The Morning-After-Pill is known as Emergency Contraception.


The Morning-After-Pill is available over-the-counter (and certain types by prescription) to women above age 17 and one brand is available to anyone over-the-counter.  There aredifferent brands that require different types of dosing.


All brands instruct that a pregnancy test be taken first.  


If it is positive, the instructions state NOT to take the pill(s).  This is because a pregnancy may exist from previous intercourse.  Effects of taking it while pregnant are unknown.  The medication must be taken within 72 hours of unprotected intercourse in order to be effective.  It is less effective in women with a body mass index of greater than 25.
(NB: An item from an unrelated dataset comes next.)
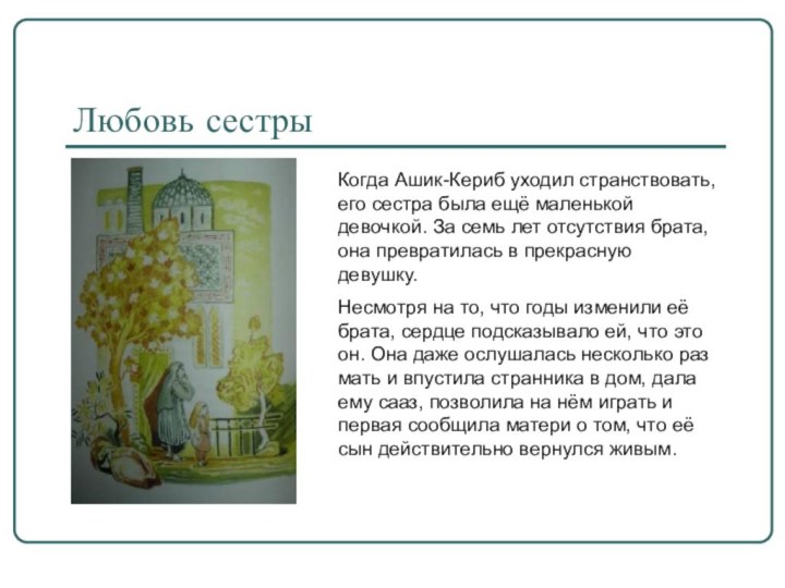 Когда Ашик-Кериб уходил странствовать, его сестра была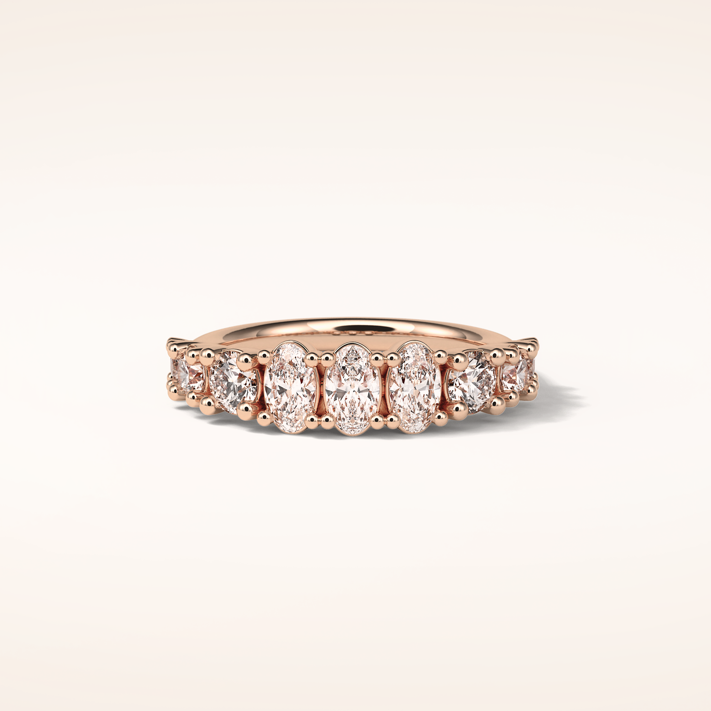 1.2 CT Oval and Round Moissanite Half Eternity Wedding Band in Solid Gold – DEF Color, VVS Clarity

The Morning-After-Pill works in one of three ways.  It can prevent ovulation (the release of an egg from the ovary), prevent fertilization of the egg by hormonally altering transport of the sperm, and prevent implantation of a fertilized egg (which already contains the genetic blueprint for human development) in the uterus.


The most common side effects are nausea and vomiting, menstrual cycle disturbances, breast tenderness, headaches and fatigue. (Note that these are also symptoms of early pregnancy.)  Serious risks include blood clots, liver tumors, heart attack, and stroke.  These risks increase significantly in women who smoke.  A follow-up appointment with a health care practitioner is recommended three weeks after taking the Morning-After-Pill.


The Morning-After-Pill DOES NOT prevent sexually transmitted infections or diseases.